▶ _YOUR GOAL_
Your copy should match the listing below word for word, with no images in it.

▶ _INFORMATION SHOWN_

###

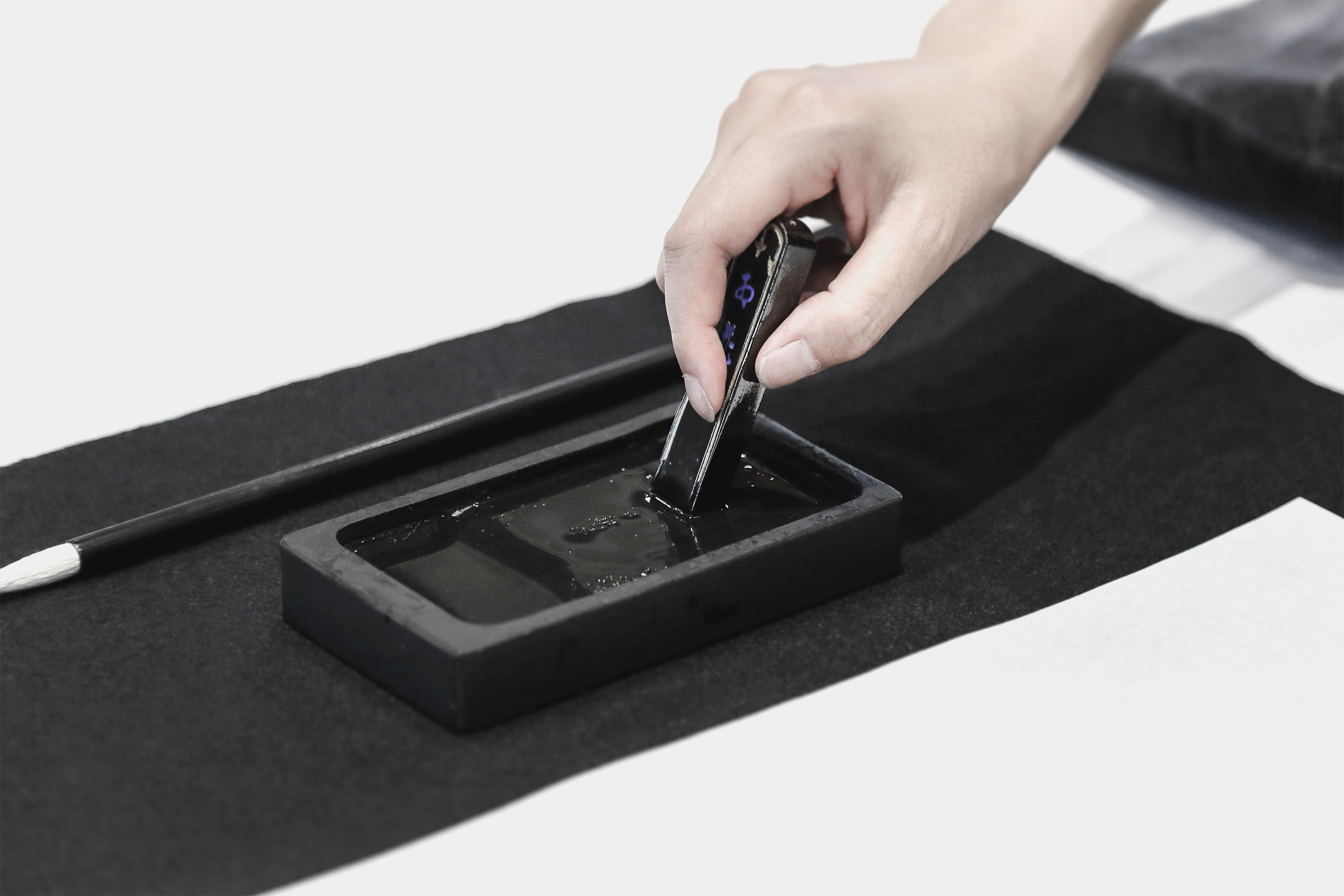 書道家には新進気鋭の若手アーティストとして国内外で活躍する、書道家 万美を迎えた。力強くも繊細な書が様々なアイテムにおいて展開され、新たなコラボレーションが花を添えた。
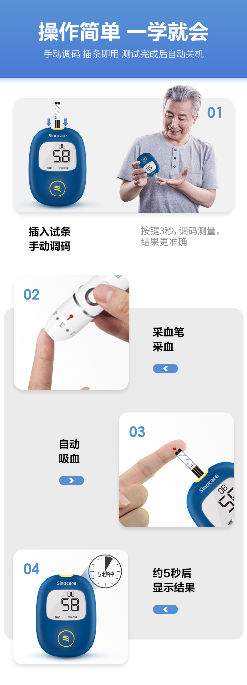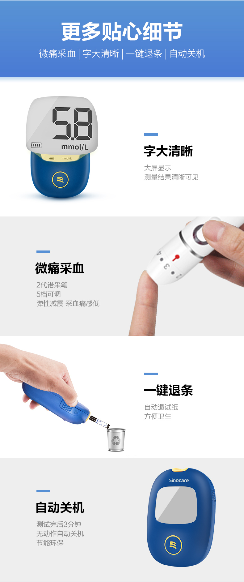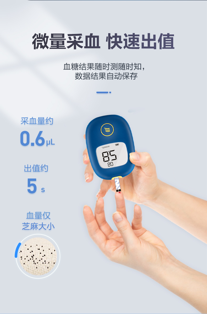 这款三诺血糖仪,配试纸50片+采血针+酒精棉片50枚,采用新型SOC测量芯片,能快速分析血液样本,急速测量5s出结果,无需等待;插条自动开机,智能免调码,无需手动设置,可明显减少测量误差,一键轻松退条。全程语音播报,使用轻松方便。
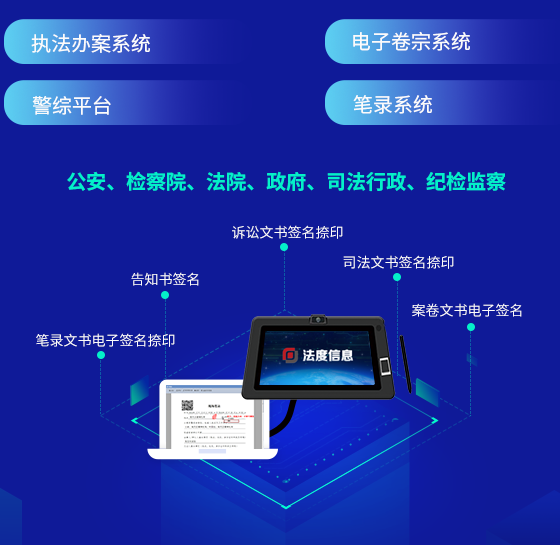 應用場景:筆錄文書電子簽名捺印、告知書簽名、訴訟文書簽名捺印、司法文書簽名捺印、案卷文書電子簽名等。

###

▶ _SOLUTION FOR THIS TASK_
 書道家には新進気鋭の若手アーティストとして国内外で活躍する、書道家 万美を迎えた。力強くも繊細な書が様々なアイテムにおいて展開され、新たなコラボレーションが花を添えた。
 这款三诺血糖仪,配试纸50片+采血针+酒精棉片50枚,采用新型SOC测量芯片,能快速分析血液样本,急速测量5s出结果,无需等待;插条自动开机,智能免调码,无需手动设置,可明显减少测量误差,一键轻松退条。全程语音播报,使用轻松方便。
 應用場景:筆錄文書電子簽名捺印、告知書簽名、訴訟文書簽名捺印、司法文書簽名捺印、案卷文書電子簽名等。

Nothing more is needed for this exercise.